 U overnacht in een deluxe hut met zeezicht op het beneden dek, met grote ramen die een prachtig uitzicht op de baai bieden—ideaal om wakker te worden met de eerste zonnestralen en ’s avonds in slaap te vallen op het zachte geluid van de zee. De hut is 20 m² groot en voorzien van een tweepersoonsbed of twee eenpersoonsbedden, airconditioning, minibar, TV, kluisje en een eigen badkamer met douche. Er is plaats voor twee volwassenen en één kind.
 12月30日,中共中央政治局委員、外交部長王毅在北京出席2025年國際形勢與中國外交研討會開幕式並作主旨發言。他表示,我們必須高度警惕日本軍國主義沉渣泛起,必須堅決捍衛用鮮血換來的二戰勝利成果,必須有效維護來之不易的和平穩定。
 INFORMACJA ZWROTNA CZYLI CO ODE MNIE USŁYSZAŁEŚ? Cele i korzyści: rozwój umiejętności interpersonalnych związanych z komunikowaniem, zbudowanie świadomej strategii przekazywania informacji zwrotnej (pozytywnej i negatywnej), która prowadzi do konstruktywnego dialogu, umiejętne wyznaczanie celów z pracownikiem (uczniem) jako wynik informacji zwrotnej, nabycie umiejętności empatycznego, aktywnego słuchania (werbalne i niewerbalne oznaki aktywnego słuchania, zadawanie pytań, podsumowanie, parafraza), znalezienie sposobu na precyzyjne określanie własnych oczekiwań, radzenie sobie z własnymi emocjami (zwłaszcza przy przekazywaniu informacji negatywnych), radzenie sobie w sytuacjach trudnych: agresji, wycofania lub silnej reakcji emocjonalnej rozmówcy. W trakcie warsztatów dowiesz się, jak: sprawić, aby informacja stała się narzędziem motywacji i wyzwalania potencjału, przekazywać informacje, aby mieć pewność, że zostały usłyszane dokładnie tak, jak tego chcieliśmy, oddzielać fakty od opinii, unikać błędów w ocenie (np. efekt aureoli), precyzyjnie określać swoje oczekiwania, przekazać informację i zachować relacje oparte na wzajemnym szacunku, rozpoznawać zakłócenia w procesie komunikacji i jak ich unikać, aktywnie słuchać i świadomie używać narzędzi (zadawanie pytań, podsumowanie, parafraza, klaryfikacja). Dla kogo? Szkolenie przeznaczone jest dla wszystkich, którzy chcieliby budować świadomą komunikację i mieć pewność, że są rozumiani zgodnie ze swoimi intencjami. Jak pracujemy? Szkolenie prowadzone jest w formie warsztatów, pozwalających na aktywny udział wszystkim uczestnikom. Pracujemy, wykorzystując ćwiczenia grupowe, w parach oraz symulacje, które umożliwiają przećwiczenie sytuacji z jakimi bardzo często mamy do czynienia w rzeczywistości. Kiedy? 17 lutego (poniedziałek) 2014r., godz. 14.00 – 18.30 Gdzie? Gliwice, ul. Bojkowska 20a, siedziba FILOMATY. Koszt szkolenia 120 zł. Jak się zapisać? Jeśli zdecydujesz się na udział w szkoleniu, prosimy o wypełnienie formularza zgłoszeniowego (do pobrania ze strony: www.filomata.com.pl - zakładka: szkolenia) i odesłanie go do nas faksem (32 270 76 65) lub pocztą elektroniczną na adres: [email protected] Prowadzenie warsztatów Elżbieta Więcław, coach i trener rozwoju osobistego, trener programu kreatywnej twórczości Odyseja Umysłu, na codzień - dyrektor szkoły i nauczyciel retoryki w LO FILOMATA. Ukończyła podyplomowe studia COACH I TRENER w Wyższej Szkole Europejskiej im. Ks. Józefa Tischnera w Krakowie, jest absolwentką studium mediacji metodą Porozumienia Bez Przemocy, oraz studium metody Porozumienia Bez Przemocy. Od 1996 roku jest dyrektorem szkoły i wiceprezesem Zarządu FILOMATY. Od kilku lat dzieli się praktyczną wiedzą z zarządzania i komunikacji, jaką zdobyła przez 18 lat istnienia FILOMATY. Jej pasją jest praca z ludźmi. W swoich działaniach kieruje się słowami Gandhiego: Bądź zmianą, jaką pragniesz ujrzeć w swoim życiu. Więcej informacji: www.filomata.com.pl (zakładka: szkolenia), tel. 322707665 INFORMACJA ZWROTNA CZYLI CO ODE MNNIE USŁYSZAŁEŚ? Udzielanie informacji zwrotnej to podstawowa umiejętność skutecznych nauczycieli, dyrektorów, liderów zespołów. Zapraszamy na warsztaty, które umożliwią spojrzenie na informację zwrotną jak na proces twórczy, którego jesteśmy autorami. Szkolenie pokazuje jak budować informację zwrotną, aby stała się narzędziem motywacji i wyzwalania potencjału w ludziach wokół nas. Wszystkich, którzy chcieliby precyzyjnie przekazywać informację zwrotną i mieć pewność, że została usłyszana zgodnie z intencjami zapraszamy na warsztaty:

=====

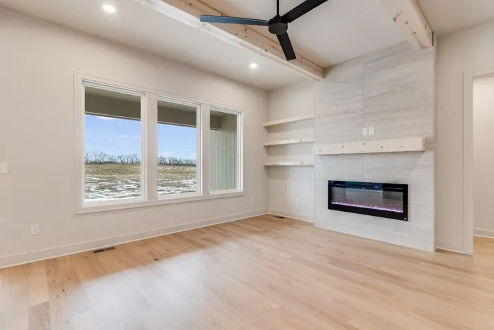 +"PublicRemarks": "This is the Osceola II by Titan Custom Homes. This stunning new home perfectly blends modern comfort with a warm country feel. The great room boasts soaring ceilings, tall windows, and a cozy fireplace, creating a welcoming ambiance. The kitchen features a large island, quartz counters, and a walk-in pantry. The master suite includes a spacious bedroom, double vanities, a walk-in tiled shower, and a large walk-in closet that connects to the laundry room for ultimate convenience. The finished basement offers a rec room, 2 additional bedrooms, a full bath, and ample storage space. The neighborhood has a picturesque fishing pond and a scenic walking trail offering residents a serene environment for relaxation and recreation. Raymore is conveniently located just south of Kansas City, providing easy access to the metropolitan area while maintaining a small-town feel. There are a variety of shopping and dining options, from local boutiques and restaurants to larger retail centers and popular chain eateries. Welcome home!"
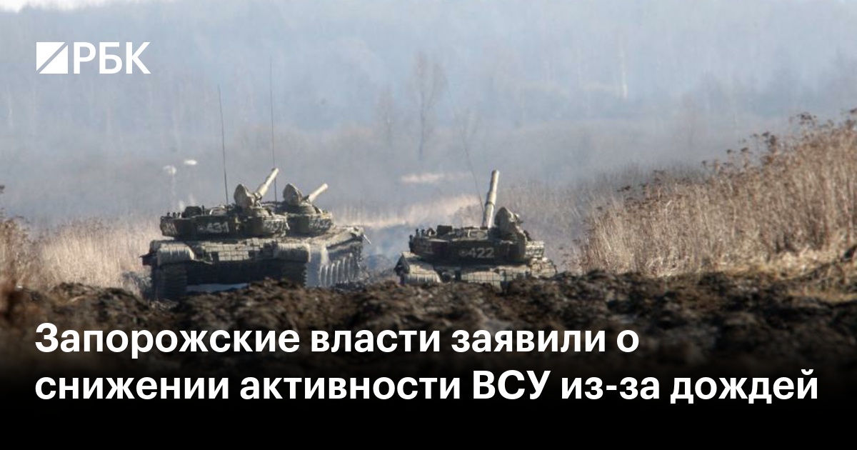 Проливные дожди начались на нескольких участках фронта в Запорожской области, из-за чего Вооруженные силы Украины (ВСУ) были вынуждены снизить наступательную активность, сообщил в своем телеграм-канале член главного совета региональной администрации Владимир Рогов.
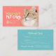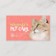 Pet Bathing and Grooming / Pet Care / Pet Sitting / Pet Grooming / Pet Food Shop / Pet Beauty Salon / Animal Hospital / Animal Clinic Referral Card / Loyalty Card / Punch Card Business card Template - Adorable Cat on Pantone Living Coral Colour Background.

=====

Copy out exactly the lines above beginning with the line that contains "Проливные дожди начались" and finishing with the line that contains "Pet Bathing and", including both; leave the pictures out.

** Task answer **
 Проливные дожди начались на нескольких участках фронта в Запорожской области, из-за чего Вооруженные силы Украины (ВСУ) были вынуждены снизить наступательную активность, сообщил в своем телеграм-канале член главного совета региональной администрации Владимир Рогов.
 Pet Bathing and Grooming / Pet Care / Pet Sitting / Pet Grooming / Pet Food Shop / Pet Beauty Salon / Animal Hospital / Animal Clinic Referral Card / Loyalty Card / Punch Card Business card Template - Adorable Cat on Pantone Living Coral Colour Background.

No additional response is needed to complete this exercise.